Industry superannuation funds should spend more on marketing and public engagement, and be more bold in giving financial advice to members, according to Garry Weaven, sometimes described as the “godfather of industry superannuation”.

Speaking on the first of Investment Magazine’s ‘Future of Super’ podcast episodes for 2022, the founder and retired chair of IFM Investors also called for a review in the self-managed superannuation fund sector.

Garry Weaven

Weaven said there is a “huge area of need” for funds to give members advice on how super interacts with the pension system and taxation system, how investment strategies impact long-term returns, and on lump sum sizes in relation to salary sacrifice.

Weaven said there is room under existing regulations for “bona fide, helpful advice that is not directed at selling a particular product,” but that “one of the reasons [funds] haven’t done enough is because of fear: fear of the regulator, fear that the regulator is sometimes manipulated by or pushed by forces averse to the super funds themselves”.

Greater trust needed

Greater trust was needed in the political and regulatory environment, he said, and funds themselves needed to be a bit bolder.

Funds also needed to spend more money on public engagement as a “prudent business and industry defence,” particularly with markets looking overvalued and the risk of some negative returns, Weaven said. Consumers need to understand there is “no better way to get rich than the slow accretion of compounding interest, but that doesn’t mean to say that every year is a great year”.

Weaven pointed to the level of progress since early 1980s Australia when the entire retirement system had a total of about $50 billion of savings, and most people didn’t have any superannuation at all, particularly blue collar workers and working women.

Fighting for a basic three per cent contribution to superannuation that was fully vested and fully portable in the name of each worker, and establishing multi-employer industry funds with a completely new model that was to outperform in subsequent years, all against the looming backdrop of an ageing population, are moments that are still distinct in Weaven’s memory.

Mixed report card

But he gave a mixed report card for legislative interventions in recent years.
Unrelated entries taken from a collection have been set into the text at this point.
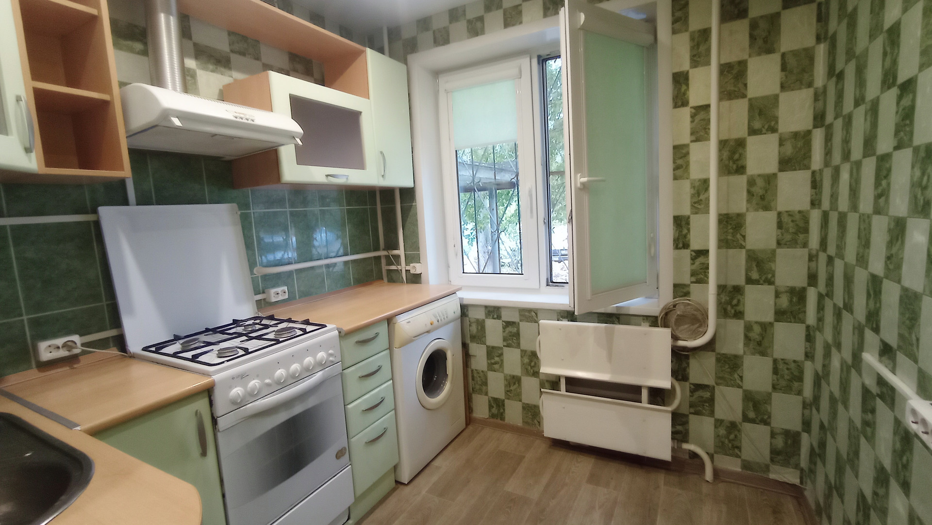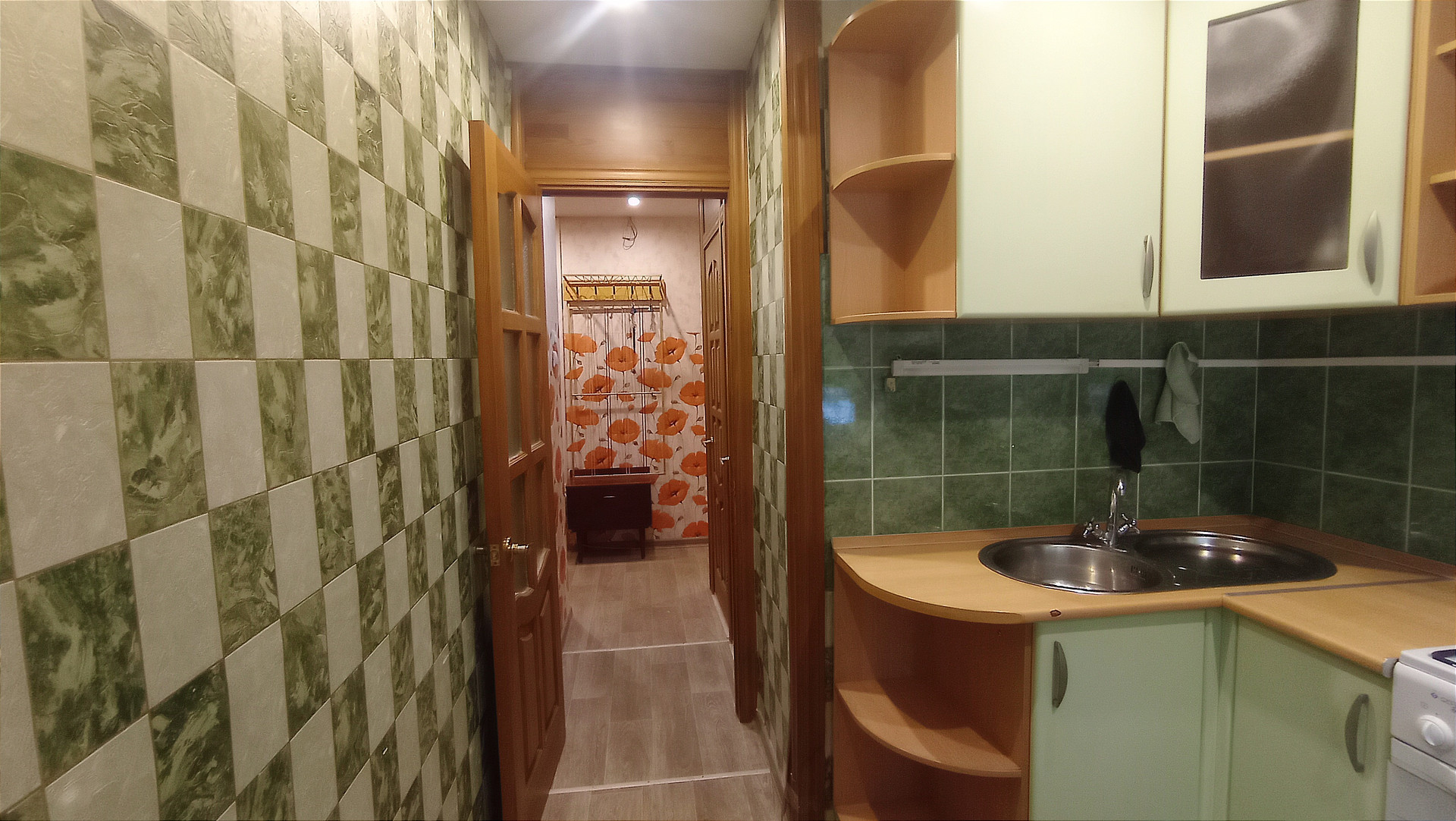 - Кухня 5,8 кв.м, оснащена кухонным гарнитуром, который остаётся в подарок новому владельцу.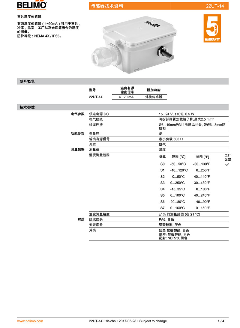 >> 22UT-14室外溫度傳感器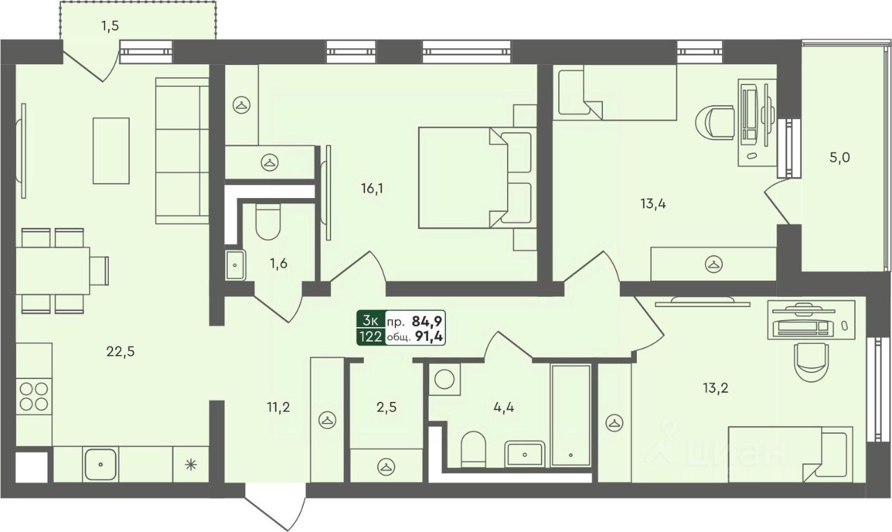 Продаётся 3-комнатная квартира в строящемся доме (ГП-3 (Бульварная, 2)), срок сдачи: IV-кв. 2025, общей площадью 91.4 кв.м., на 2 этаже. Проект в формате "Дома не выше сосен" отражает синтез великолепной архитектуры, престижной инфраструктуры и разумной стоимости. Жилье повышенного качества по доступной цене городского типа (квартиры), таунхаусы и индивидуальные дома с земельными участками характеризуются высокой транспортной доступностью исторического Тобольского тракта и формируют гармоничную и экологичную среду для комфортного проживания.
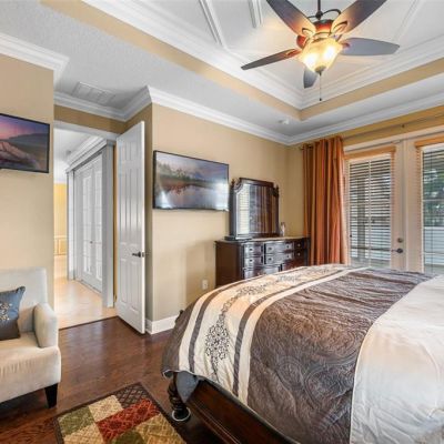 Ceiling Fan(s), Crown Molding, Dry Bar, Eating Space In Kitchen, High Ceilings, Open Floorplan, Solid Surface Counters, Solid Wood Cabinets
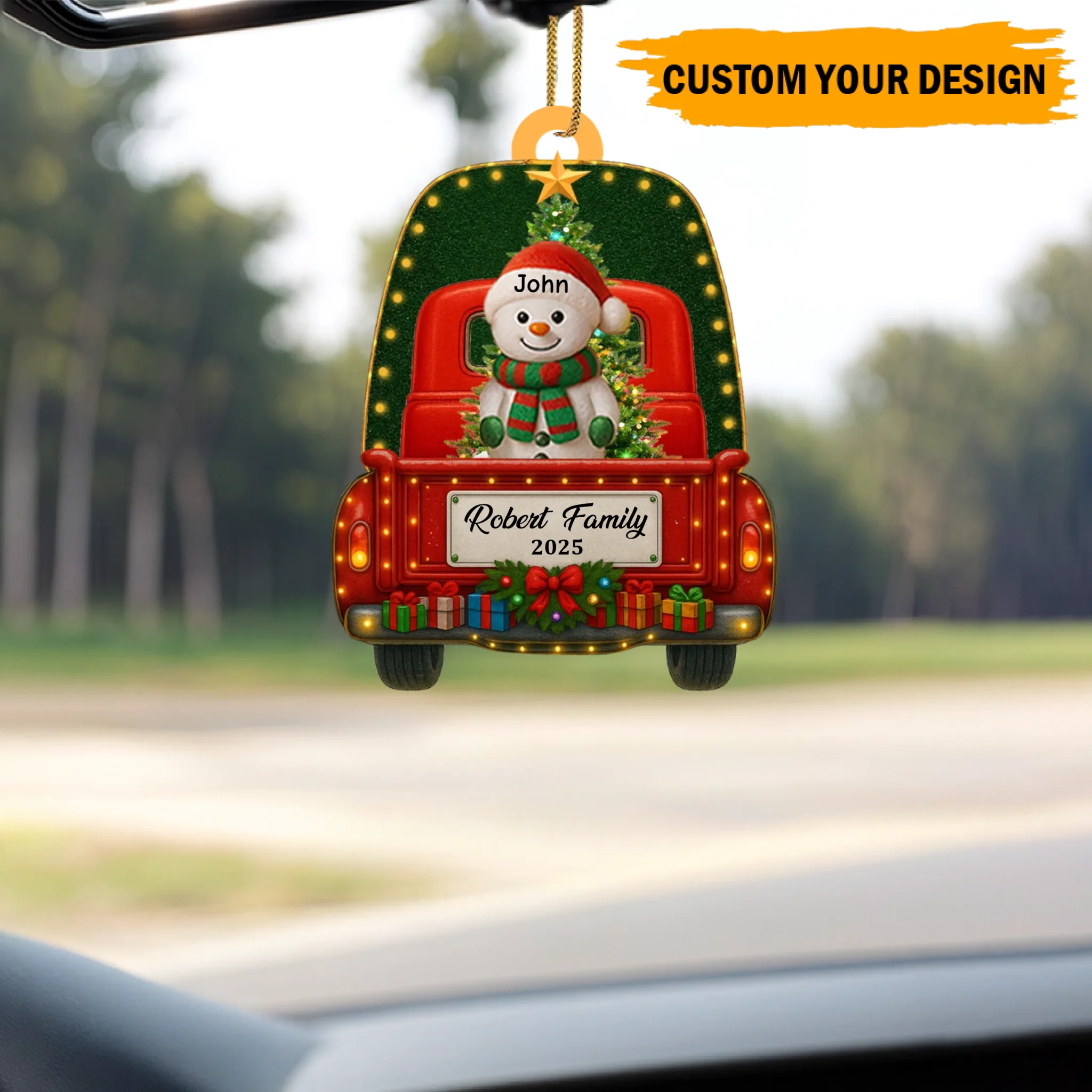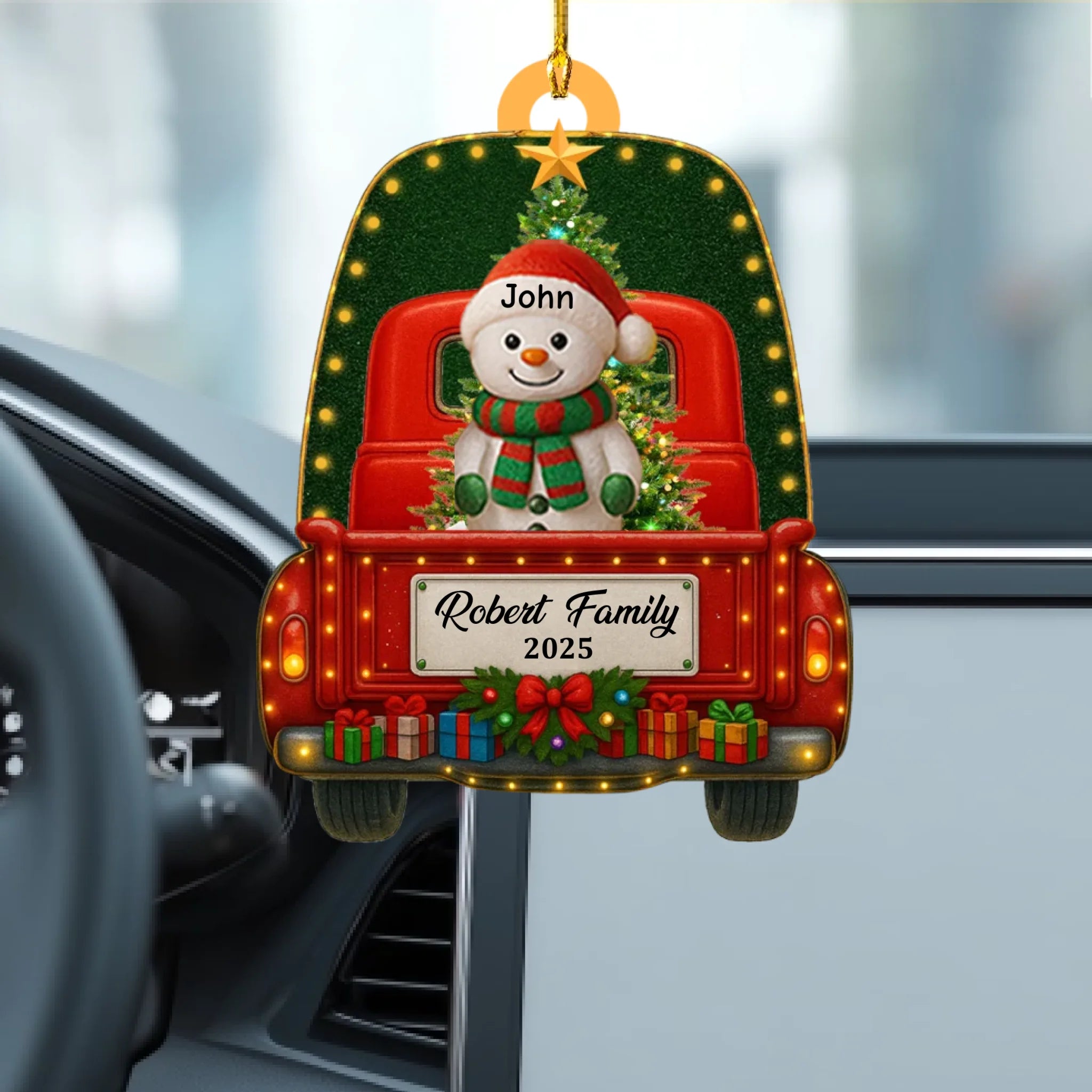 Personalized Snowman Family on Christmas Car Ornament – Custom Family Name, Year & Members | Unique Wooden Christmas Decoration Gift

Regarding “stapling” legislation, Weaven said he understood the reason for its introduction, and said “the key to that…is that there has to be a really good system of measuring performance and publicising that performance, so that people aren’t stapled to a dud fund for life.”

And regarding the implementation of performance testing, he also said he is “probably a little less critical than some of the super fund representatives, I think it’s good that there’s an objective test [which] needs to be balanced over time”.

“I would have preferred a more sophisticated means of testing performance,” Weaven said, “but in some ways that… would require more discretion on the part of regulators and I think they need to generate more trust before people would be happy with them having more discretion.”

The regulator’s history “has been tainted by political interventions aimed at the wrong issues, aimed at the wrong people,” Weaven said.

It was also “ironic” that it was a Coalition government that removed the minimum income test for part-time and casual workers to get access to the right to have employer contributions. Combined with the removal of duplicate accounts, this was “a really substantial advance,” he said.

Unfinished business

But some “unfinished business” remains regarding the self-managed fund sector, which Weaven said was created by Peter Costello “as a means of trying to carve out some of the industry away from these newly emerging industry funds”.

While there is a small cohort of people who are good at managing their own money, there are also many people with account balances too small to be efficiently managed, leading to a “false label of self-management”.

“They’re often money languishing in bank accounts with almost no returns, or are over invested in property, which can be good in some years and has certainly been good in the last, but in the long run is a very high risk scheme, not to have adequate diversification over all of the other asset classes,” Weaven said.

There is a public interest in examining this sector, particularly the ability to leverage against these funds, because a failure would send parts of the sector immediately onto the public purse in terms of pension requirements, he said.